COMPARISON WITH THE Test::CGI MODULE

The intent of Test::CGI is almost the same. It's about crafting test
sequences that will be run against a web application in an automated
fashion.  The main differences I see between both approaches are:

1. RoboWeb makes it much easier to generate a test suite, because test
sequence scripts under it are almost completely machine generated,
except assertions, which are easily inserted by entering regexps in the
URL box as you browse through your app. Test::CGI instead requires that
all HTTP requests be hand coded by the test writer.

2. RoboWeb runs against a live web server, versus Test::CGI, which runs
web apps as standalone CGI processes.
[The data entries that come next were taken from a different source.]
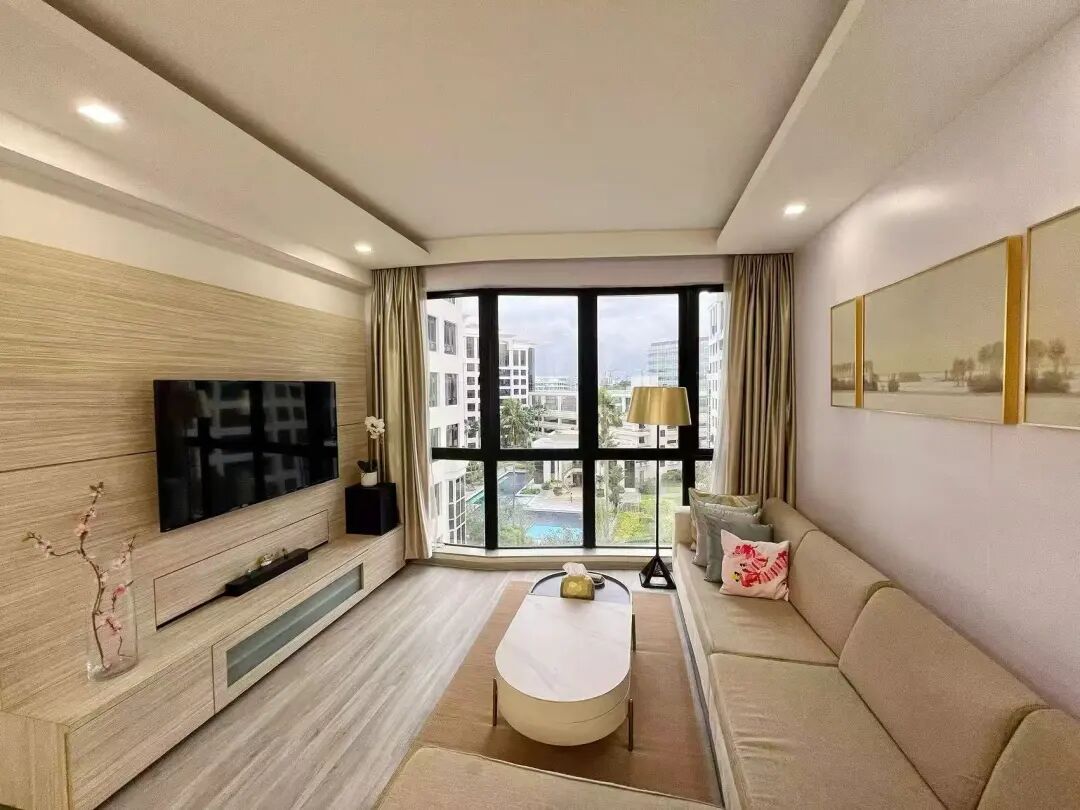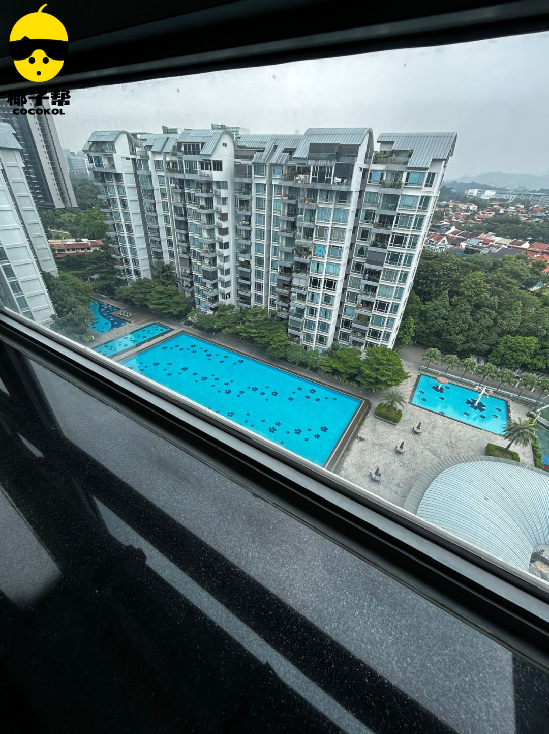 落地窗泳池景、每次换租换全新床垫、静音空调、干衣机、高速WiFi。
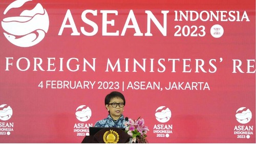 Ngoại trưởng Indonesia Retno Marsudi, nước chủ tịch luân phiên ASEAN năm 2023, phát biểu tại buổi họp báo ngày 04/02/2023, tại Jakarta, Indonesia. AP - Achmad Ibrahim
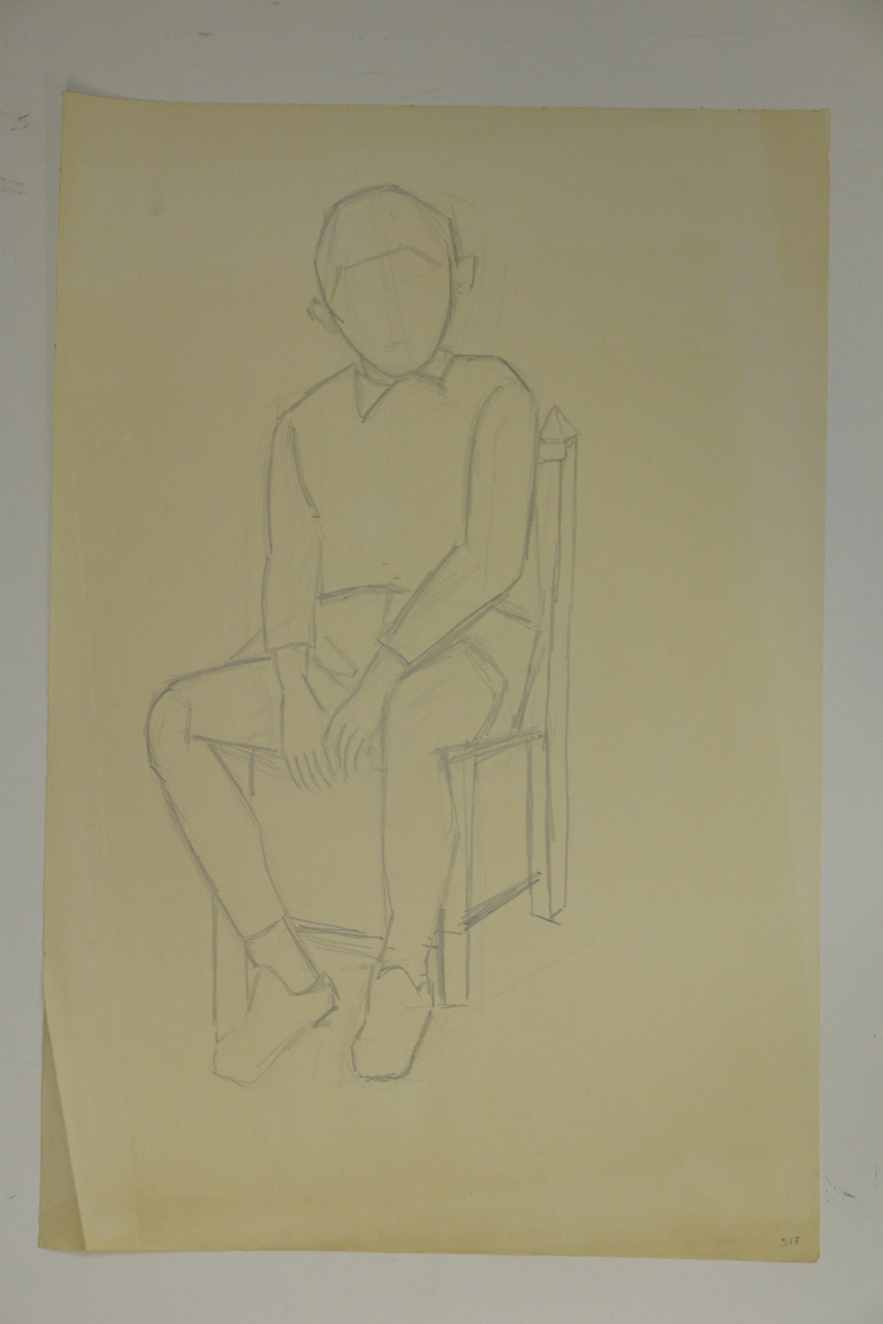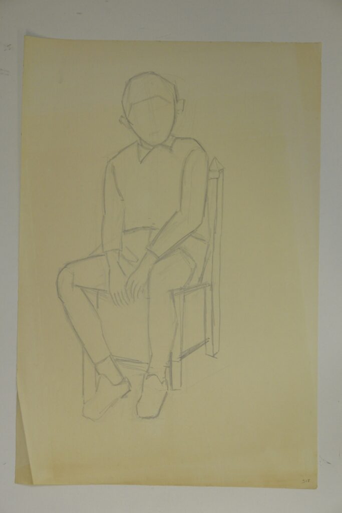 Boy seated in chair (head to front, body turned 3/4 to left).
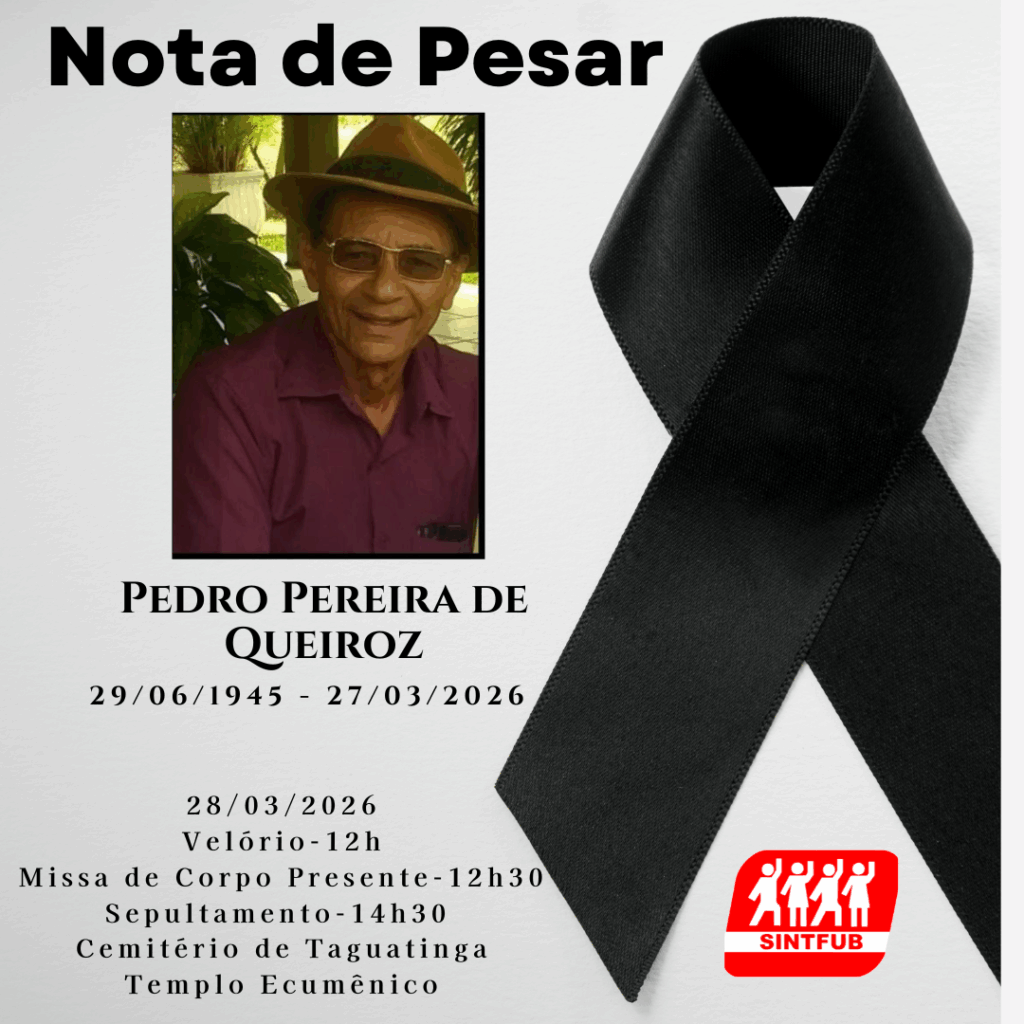 Com pesar, comunicamos o falecimento do servidor técnico-administrativo em educação Pedro Pereira de Queiroz. Seu Pedro, como ficou conhecido no campus Darcy Ribeiro, estava aposentado. Trabalhou Prefeitura e era muito querido pelos amigos. Na hora do almoço, a partida de dama ou pescaria no Lago era certa. Sempre prestativo, atencioso. Neste momento de dor, ficamos

Test::CGI is less complete in this
regard, because it doesn't allow to test apps in the environment they'll
be running on (e.g. mod_perl apps that rely on persitent variables are
not testable with Test::CGI).

3. The RoboWeb client (which uses LWP::UserAgent and an HTTP::Cookie
jar) supports cookies, which allow it to test most web applications.
Test::CGI does not support cookies.

4. Test::CGI cannot request plain documents, whereas Roboweb can.

5. Both RoboWeb and Test::CGI produce Test::Harness output.